* **Task requirements**
The needed output is the run of lines below from the one containing "СТАЛО: Дивосело данас" through the one containing "Representantes del sector", copied exactly and free of pictures.

Start of Dataset excerpts

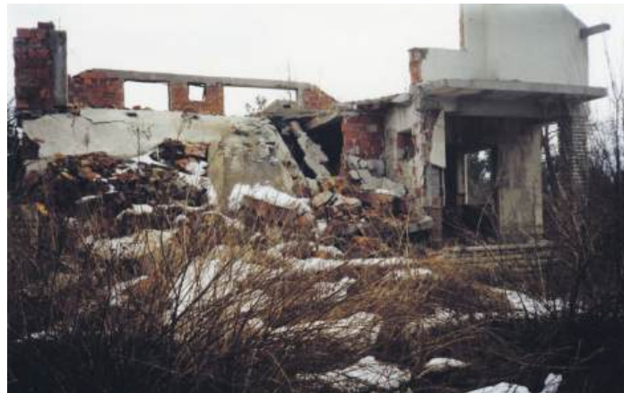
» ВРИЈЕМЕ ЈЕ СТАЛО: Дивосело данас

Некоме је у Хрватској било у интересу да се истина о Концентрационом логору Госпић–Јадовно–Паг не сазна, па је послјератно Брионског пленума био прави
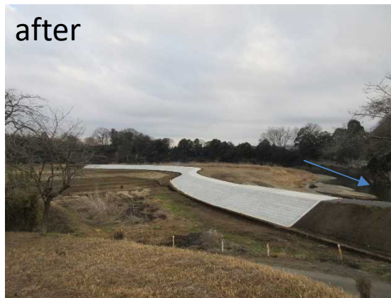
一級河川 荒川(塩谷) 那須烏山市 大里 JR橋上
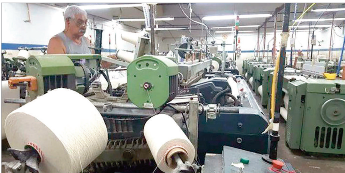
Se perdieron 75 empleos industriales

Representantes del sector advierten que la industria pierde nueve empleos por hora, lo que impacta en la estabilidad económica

End of Dataset excerpts
Start of Dataset excerpts

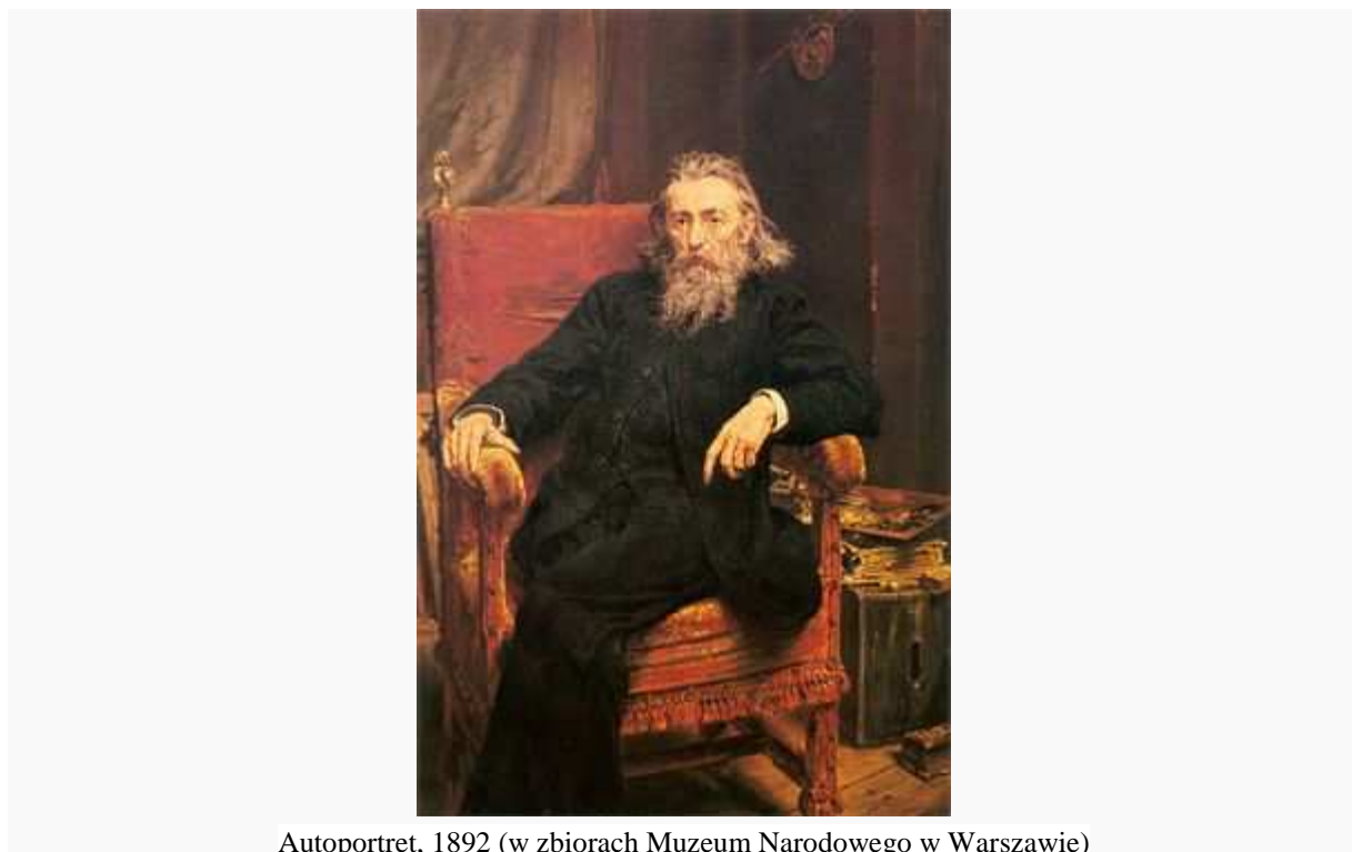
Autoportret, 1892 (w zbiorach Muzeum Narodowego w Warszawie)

End of Dataset excerpts

* **Answer space**
» ВРИЈЕМЕ ЈЕ СТАЛО: Дивосело данас

Некоме је у Хрватској било у интересу да се истина о Концентрационом логору Госпић–Јадовно–Паг не сазна, па је послјератно Брионског пленума био прави
一級河川 荒川(塩谷) 那須烏山市 大里 JR橋上
Se perdieron 75 empleos industriales

Representantes del sector advierten que la industria pierde nueve empleos por hora, lo que impacta en la estabilidad económica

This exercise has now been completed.